France presents contested reform to 35-hour workweek
France’s Socialist government has presented a contested labor market reform to amend the 35-hour workweek and relax other rules that has prompted street protests across France.
The bill was formally adopted Thursday at a Cabinet meeting and is to be discussed next month at parliament. Thousands of students and workers demonstrated in the streets of Paris and other major French cities to seek the withdrawal of the bill. Incidents between demonstrators and the police led to 15 arrests in Paris and 9 in Nantes, in western France, according to French authorities. Two cars were burned in the capital.
The government and businesses claim the reforms would help the economy by making it easier for companies to hire and fire workers. Currently, they say, some companies are reluctant to take on workers for fear they may not be able to downsize in times of financial trouble. France’s unemployment rate is hovering at 10 percent.
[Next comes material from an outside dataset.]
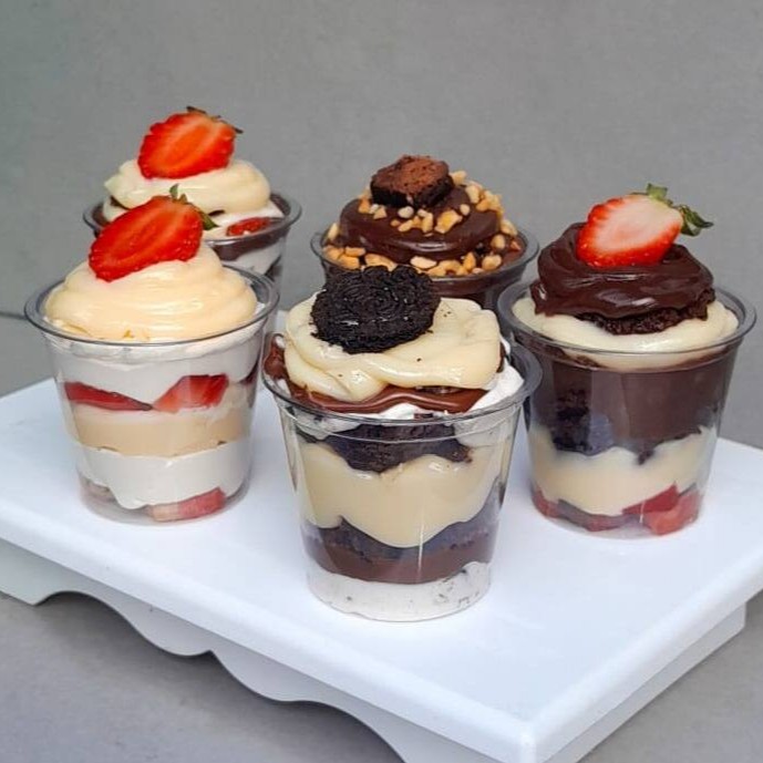 Experimente nosso Kit Degustação de Mini Copos da Felicidade com cada sabor do cardápio. Delicie-se! Peso 60 ml cada.

The protesters say the bill would badly damage employees’ rights. The proposal technically maintains the 35-hour workweek, which was conceived to fight joblessness by spreading work across more people, but allows companies to organize alternative working times. Those include a workweek of up to 48 hours and 12-hour days. In “exceptional circumstances,” employees could work up to 60 hours a week.
Myriam El Khomri, French labor minister, said the bill is “balanced, with new flexibility for the businesses in order to improve the competitiveness of our economy, as well as new protections, new rights for the employees”. The government tried to gain support from some worker unions by making a few changes in the bill last week. It has withdrawn measures that relaxed rules on working from home and at night and has introduced the control of a judge to ensure that multinational companies don’t organize the artificial bankruptcy of their French branch in order to justify layoffs.
Neil Turnbull, head of Turnbull Associes, a real estate management company that has 23 employees in its Paris office, told the AP the labor reform would “give us more comfort in recruiting. We need to know that we have some flexibility when workload drops to be able to reduce staff. We haven’t done that yet but it’s an important issue for us.”